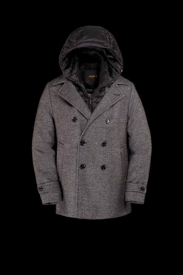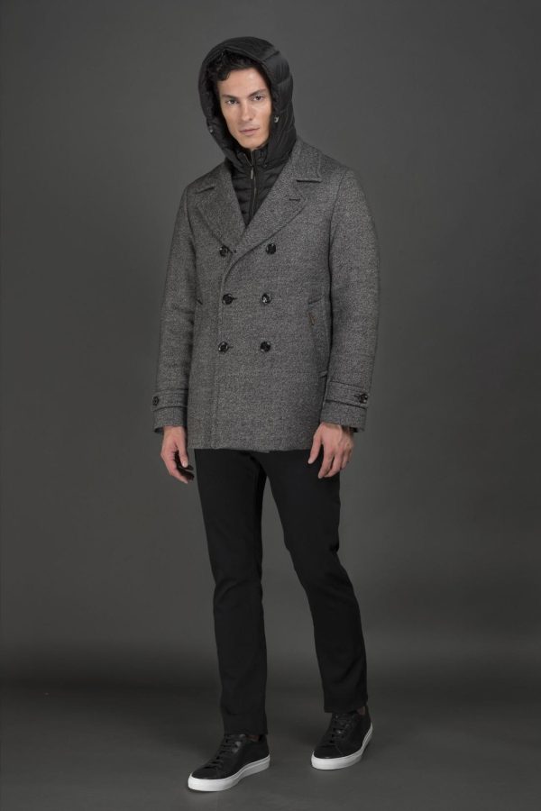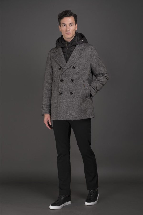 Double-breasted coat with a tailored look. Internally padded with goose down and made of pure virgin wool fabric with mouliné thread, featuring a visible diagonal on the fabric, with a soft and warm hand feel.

--

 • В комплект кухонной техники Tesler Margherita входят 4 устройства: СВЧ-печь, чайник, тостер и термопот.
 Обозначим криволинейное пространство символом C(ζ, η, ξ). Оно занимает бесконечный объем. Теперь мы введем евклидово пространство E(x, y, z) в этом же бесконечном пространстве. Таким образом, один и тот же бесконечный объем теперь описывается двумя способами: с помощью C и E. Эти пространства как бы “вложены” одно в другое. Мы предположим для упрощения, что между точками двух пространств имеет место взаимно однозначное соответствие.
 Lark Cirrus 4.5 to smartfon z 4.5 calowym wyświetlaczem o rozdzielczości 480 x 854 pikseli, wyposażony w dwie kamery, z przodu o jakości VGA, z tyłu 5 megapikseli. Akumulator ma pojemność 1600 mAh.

> _Required action_
Output the lines above between the one holding "тостер и термопот." and the one holding "Lark Cirrus 4.5", inclusive, with nothing before or after them.

> _Written answer_
 • В комплект кухонной техники Tesler Margherita входят 4 устройства: СВЧ-печь, чайник, тостер и термопот.
 Обозначим криволинейное пространство символом C(ζ, η, ξ). Оно занимает бесконечный объем. Теперь мы введем евклидово пространство E(x, y, z) в этом же бесконечном пространстве. Таким образом, один и тот же бесконечный объем теперь описывается двумя способами: с помощью C и E. Эти пространства как бы “вложены” одно в другое. Мы предположим для упрощения, что между точками двух пространств имеет место взаимно однозначное соответствие.
 Lark Cirrus 4.5 to smartfon z 4.5 calowym wyświetlaczem o rozdzielczości 480 x 854 pikseli, wyposażony w dwie kamery, z przodu o jakości VGA, z tyłu 5 megapikseli. Akumulator ma pojemność 1600 mAh.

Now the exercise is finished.